Health insurance hedges against poverty

Ipec Commissioner Dr Grace Muradzikwa

by NORMA TSOPO

*Booker Mlambo – a retired young soldier, left his family in deep financial distress. Without medical insurance, his illness forced the sell-off of his silver Toyota Wish, six goats and three cattle.

Even then, he lost the battle in mid-August.

“He left an incomplete house in his rural home and the capital assets he had acquired for his young family’s benefit went with him,” said his grieving widow who was left to raise three minor children, adding that there are still yet more outstanding debts to cover.

“It’s as if the mysterious disease that afflicted him wanted to make sure we are left with absolutely nothing.”

This scenario repeats itself in thousands of homes across the country.

Only seven percent of Zimbabweans have access to health insurance according to Zimbabwe Statistical Agency (Zimstat).

Labour and Economic Development Research Institute of Zimbabwe (Ledriz) researcher and economist Prosper Chitambara observes that out of pocket health care costs are resultantly a major driver of poverty in Zimbabwe.

“High levels of poverty have a major factor in pushing people into poverty, Medical services in most poor countries constitute 40 percent of households’ expenditure.”  He said.
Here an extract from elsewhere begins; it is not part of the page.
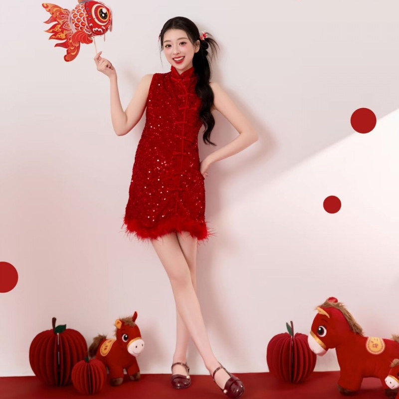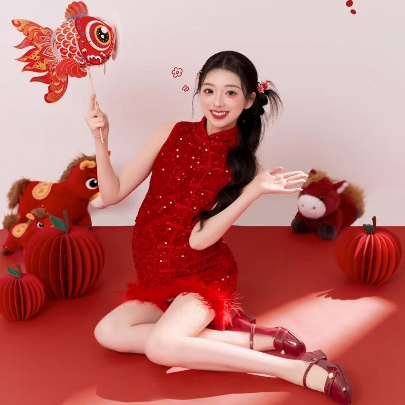 新年国潮复古孕妇写真服饰,融合传统中国风与现代时尚元素,专为孕妈打造优雅艺术照。精选亮片刺绣旗袍,采用高弹舒适面料,贴合孕期身形,凸显柔美曲线。设计上汲取民国旗袍精髓,立领盘扣、斜襟收腰,搭配金线牡丹或祥云图案,喜庆又典雅。亮片在灯光下熠熠生辉,增添节日氛围,完美契合新年主题。无论是室内棚拍还是古风场景,都能展现孕妈温婉气质与独特魅力。既保留东方韵味,又兼顾孕期舒适,是记录孕育美好时光的理想之选,让孕妈在镜头前绽放自信光彩。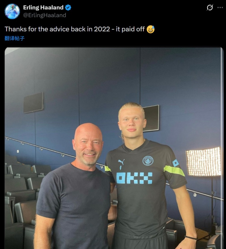 他也在本场比赛开场不久便取得进球,从而打破阿兰·希勒的纪录,解锁了英超历史最快100球纪录。哈兰德也在今日通过社媒晒出自己在刚加盟曼城时同希勒的合影,并配文:“感谢3年前的建议,它很管用

The respected economist posits that health care and social protection are the two biggest factors in driving worsening poverty levels in a country in which 30 percent are extremely poor and over 60 percent are considered moderately poor according to Zimstat.

According to World Health Organisation statistics government is only committing under US$30 per person per year leaving the populace to fund their own health care, in the process driving them into poverty.

It’s one of the lowest in the world in the same regions with poor war-torn countries like Eritrea and Somalia.

The Ledriz economist said the country could have been offering better health cover if it had been adhering to the Abuja declaration, for which it is a signatory, that demands that it commits at least 15 percent of the budget to healthcare.

Insurance and Pensions Commission (Ipec) commissioner of insurance, pensions and provident funds, Grace Muradzikwa during her address to journalists during the virtual launch of the Ipec and National Social Security Authority (NSSA) 2020 Insurance and Pensions Journalists Mentorship programme said health insurers were critical economic enablers as they hedged families from vagaries of disease and accidents.

The commissioner said this was also in line with sustainable development goal three on promoting good health and wellbeing.

“Through health insurance, medical aid schemes and workmanship compensation, households are protected from accident injuries, disability and high cost of medication,” Muradzikwa said.

She said the insurance sector aided the attainment of sustainable development goal one on ending poverty for all.

“Through social protection, insurance can offer safety net to vulnerable households not to fall into poverty,” she added.

Without the vital cover from private insurers Chitambara is challenging government to ease on pay as you earn and corporate tax which it says would leave employees with more disposable income and improve business competitiveness but increase sin taxes to fund social protection and health insurance.

“This model has worked in Asia… government will be able to mobilise additional resources and ease pressure on workers 90 percent of whom I estimate to be poor,” he said.

This has also been adopted by South Africa which introduced a 20 percent sugar tax in 2017 to finance a National Health Insurance Scheme. Currently it is spending an average of US$400 per person per year.

Mlambo’s widow and children are already looking up to charitable organisations for their welfare. “We lost everything from my husband and breadwinner to everything he had hoped we would survive off as a family.”

*name changed to protect the privacy of the family.